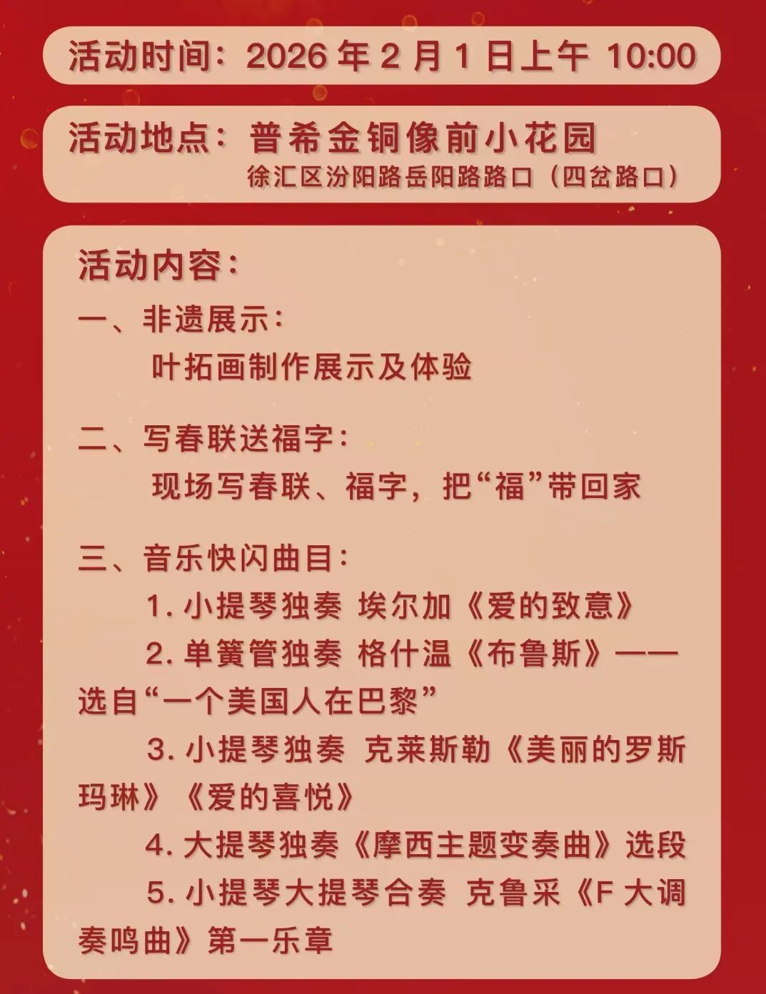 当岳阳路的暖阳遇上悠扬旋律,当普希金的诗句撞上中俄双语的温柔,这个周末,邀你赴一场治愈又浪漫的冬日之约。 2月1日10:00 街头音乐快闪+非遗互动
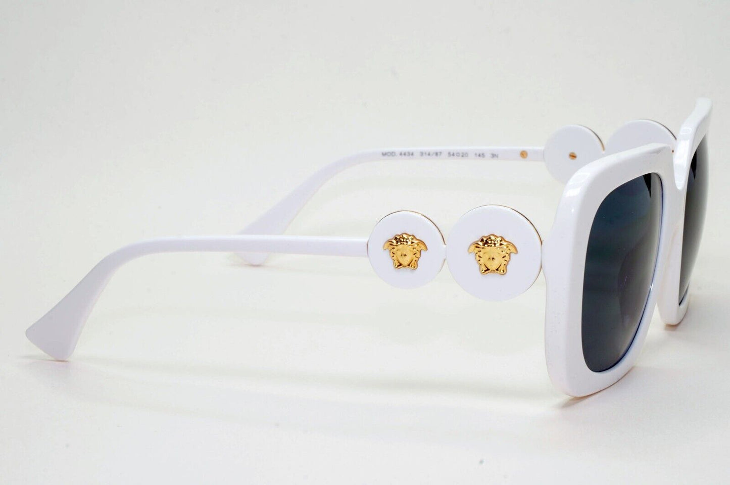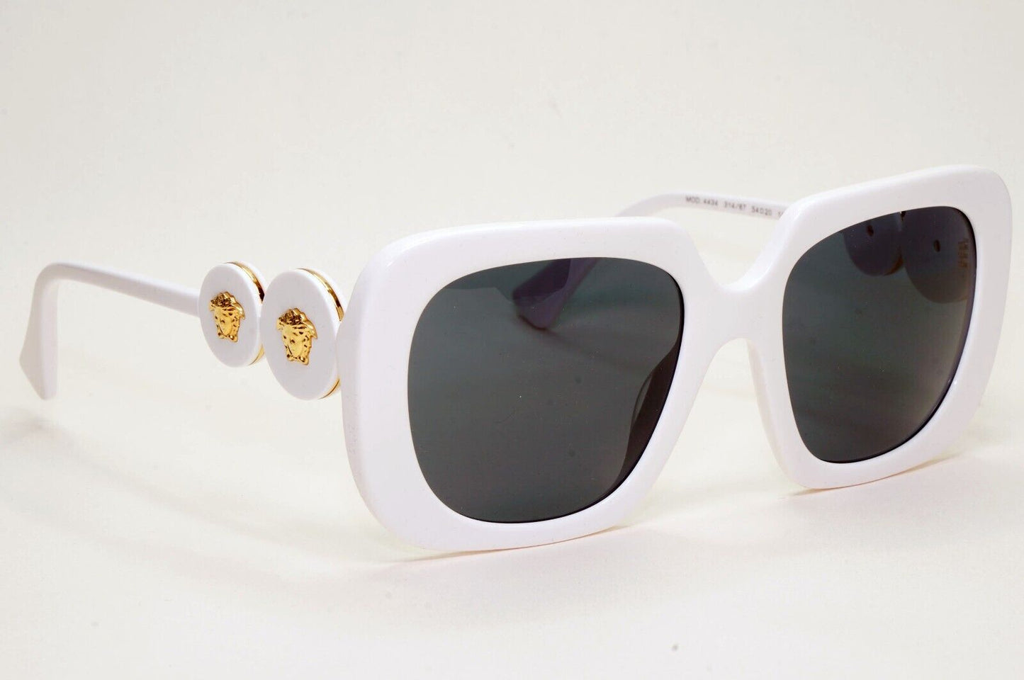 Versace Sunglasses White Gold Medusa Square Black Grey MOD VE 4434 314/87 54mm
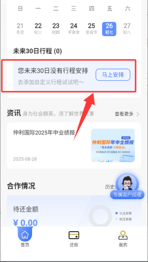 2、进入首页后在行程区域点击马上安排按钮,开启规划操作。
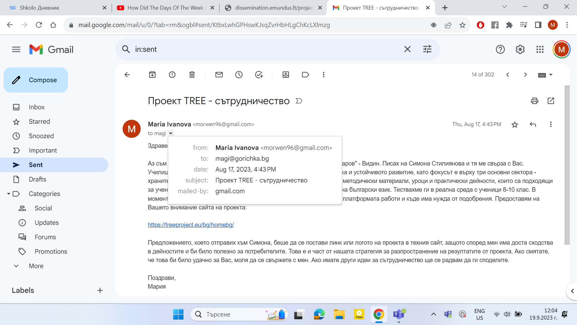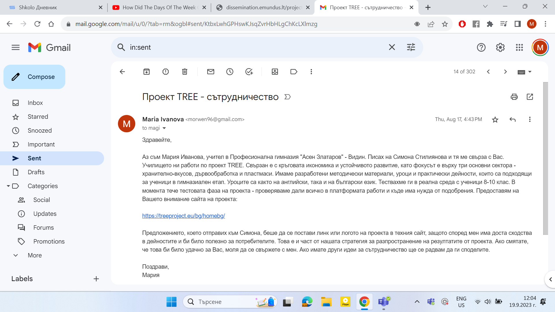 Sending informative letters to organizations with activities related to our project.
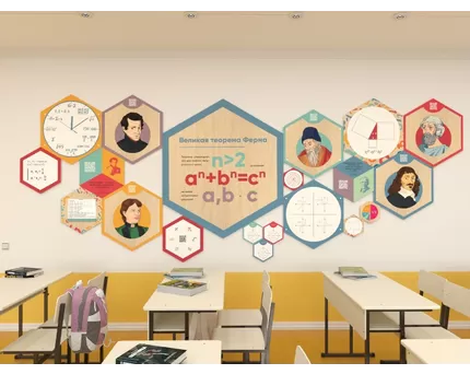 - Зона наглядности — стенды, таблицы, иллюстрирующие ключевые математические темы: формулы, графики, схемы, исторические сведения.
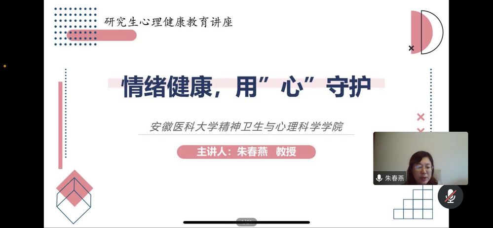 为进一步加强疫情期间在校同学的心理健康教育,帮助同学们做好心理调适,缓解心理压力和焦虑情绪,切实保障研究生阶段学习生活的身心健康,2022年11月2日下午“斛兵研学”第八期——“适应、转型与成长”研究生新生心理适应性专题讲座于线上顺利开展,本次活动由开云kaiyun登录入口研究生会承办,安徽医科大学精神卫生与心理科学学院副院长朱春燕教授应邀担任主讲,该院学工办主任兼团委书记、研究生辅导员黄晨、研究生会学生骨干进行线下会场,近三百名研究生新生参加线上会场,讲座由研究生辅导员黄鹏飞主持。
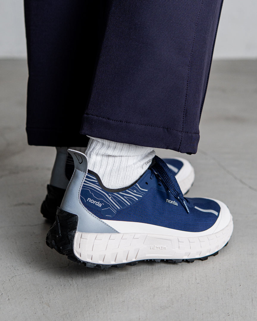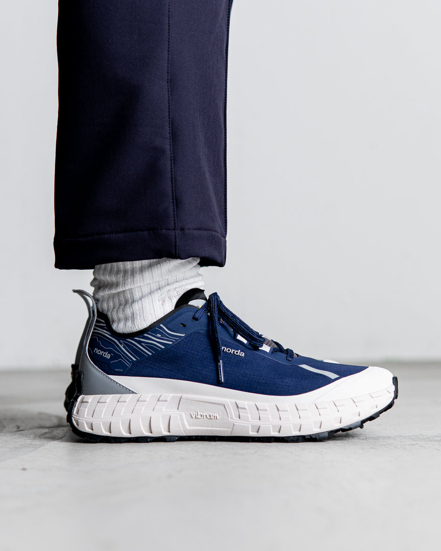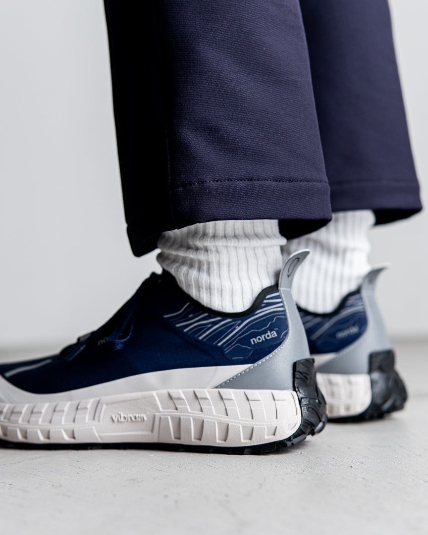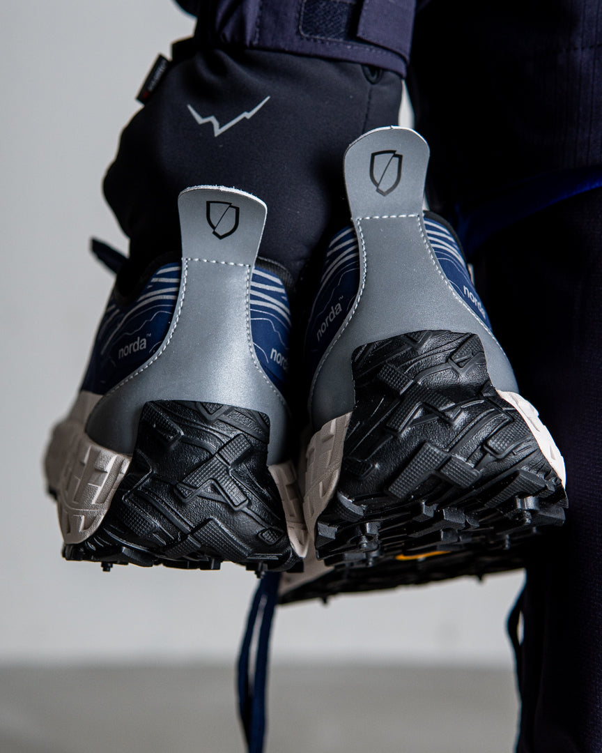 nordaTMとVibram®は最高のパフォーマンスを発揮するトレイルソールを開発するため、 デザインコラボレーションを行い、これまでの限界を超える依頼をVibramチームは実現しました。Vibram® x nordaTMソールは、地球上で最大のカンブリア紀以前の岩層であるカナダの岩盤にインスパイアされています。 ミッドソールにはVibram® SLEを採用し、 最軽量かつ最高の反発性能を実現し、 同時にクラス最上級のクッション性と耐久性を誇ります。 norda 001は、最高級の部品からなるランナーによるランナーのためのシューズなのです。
=======
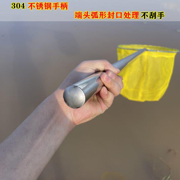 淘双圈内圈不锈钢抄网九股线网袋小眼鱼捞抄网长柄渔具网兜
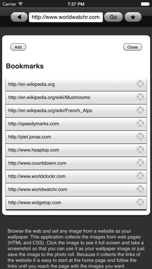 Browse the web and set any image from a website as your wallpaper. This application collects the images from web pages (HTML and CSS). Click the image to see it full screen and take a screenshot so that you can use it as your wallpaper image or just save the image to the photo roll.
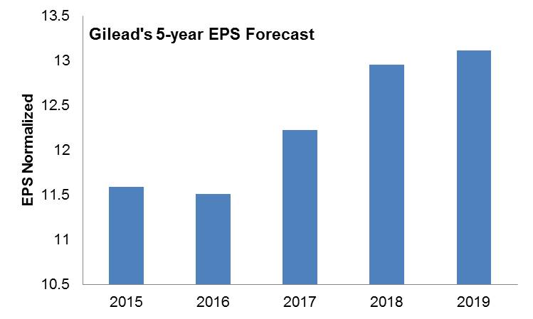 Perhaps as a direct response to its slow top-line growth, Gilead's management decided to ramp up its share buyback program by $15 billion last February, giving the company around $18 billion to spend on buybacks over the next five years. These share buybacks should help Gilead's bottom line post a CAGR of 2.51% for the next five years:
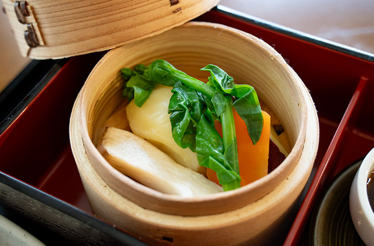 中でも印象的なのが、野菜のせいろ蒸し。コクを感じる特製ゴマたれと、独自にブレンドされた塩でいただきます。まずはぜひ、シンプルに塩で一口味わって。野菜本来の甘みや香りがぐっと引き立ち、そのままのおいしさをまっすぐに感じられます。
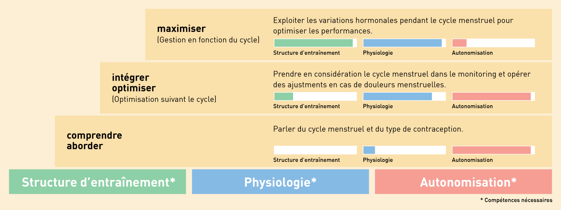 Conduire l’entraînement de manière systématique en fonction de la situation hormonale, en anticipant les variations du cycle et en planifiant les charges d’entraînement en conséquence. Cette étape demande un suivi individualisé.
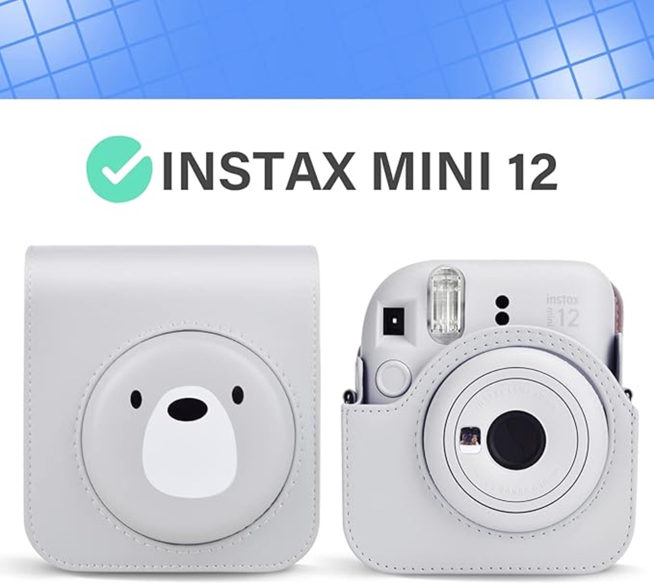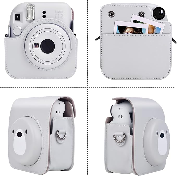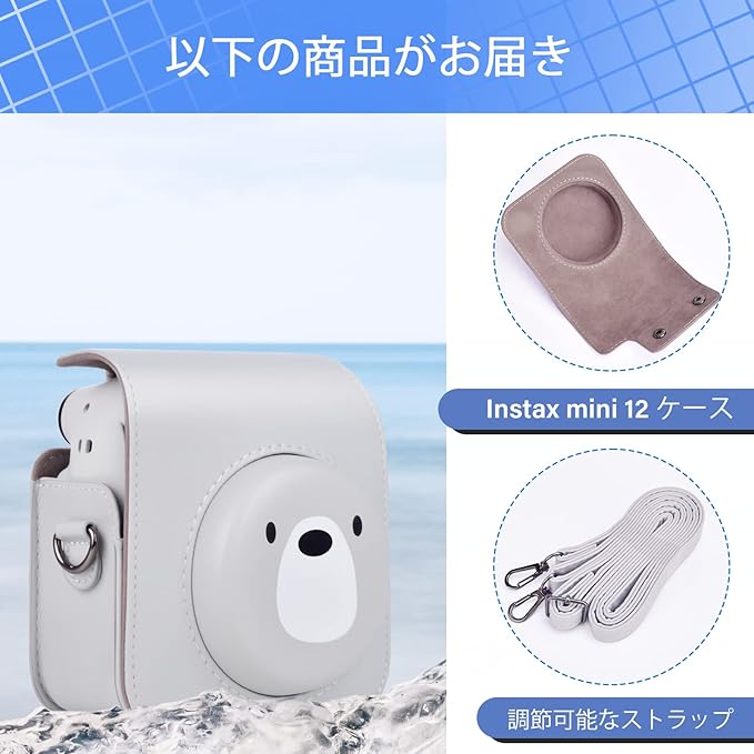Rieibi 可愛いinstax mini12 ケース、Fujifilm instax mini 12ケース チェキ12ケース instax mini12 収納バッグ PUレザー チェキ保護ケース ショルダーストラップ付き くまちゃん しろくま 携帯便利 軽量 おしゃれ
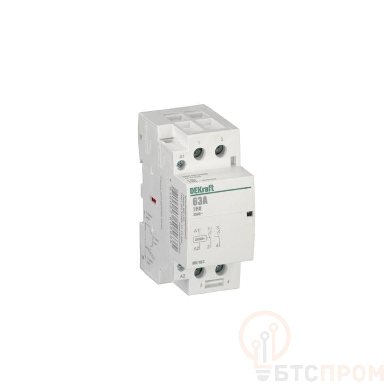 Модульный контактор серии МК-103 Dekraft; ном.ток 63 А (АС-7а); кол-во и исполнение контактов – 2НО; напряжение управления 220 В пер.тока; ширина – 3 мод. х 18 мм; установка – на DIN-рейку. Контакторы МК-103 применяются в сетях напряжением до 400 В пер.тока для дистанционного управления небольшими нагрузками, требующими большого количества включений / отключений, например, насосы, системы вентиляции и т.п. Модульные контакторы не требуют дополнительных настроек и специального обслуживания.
=======
**Requirement:** Using the data above, copy exactly the lines from the one containing "Rieibi 可愛いinstax mini12" to the one containing "Модульный контактор серии", inclusive. Exclude the pictures.

**Answer space:**
Rieibi 可愛いinstax mini12 ケース、Fujifilm instax mini 12ケース チェキ12ケース instax mini12 収納バッグ PUレザー チェキ保護ケース ショルダーストラップ付き くまちゃん しろくま 携帯便利 軽量 おしゃれ
 Модульный контактор серии МК-103 Dekraft; ном.ток 63 А (АС-7а); кол-во и исполнение контактов – 2НО; напряжение управления 220 В пер.тока; ширина – 3 мод. х 18 мм; установка – на DIN-рейку. Контакторы МК-103 применяются в сетях напряжением до 400 В пер.тока для дистанционного управления небольшими нагрузками, требующими большого количества включений / отключений, например, насосы, системы вентиляции и т.п. Модульные контакторы не требуют дополнительных настроек и специального обслуживания.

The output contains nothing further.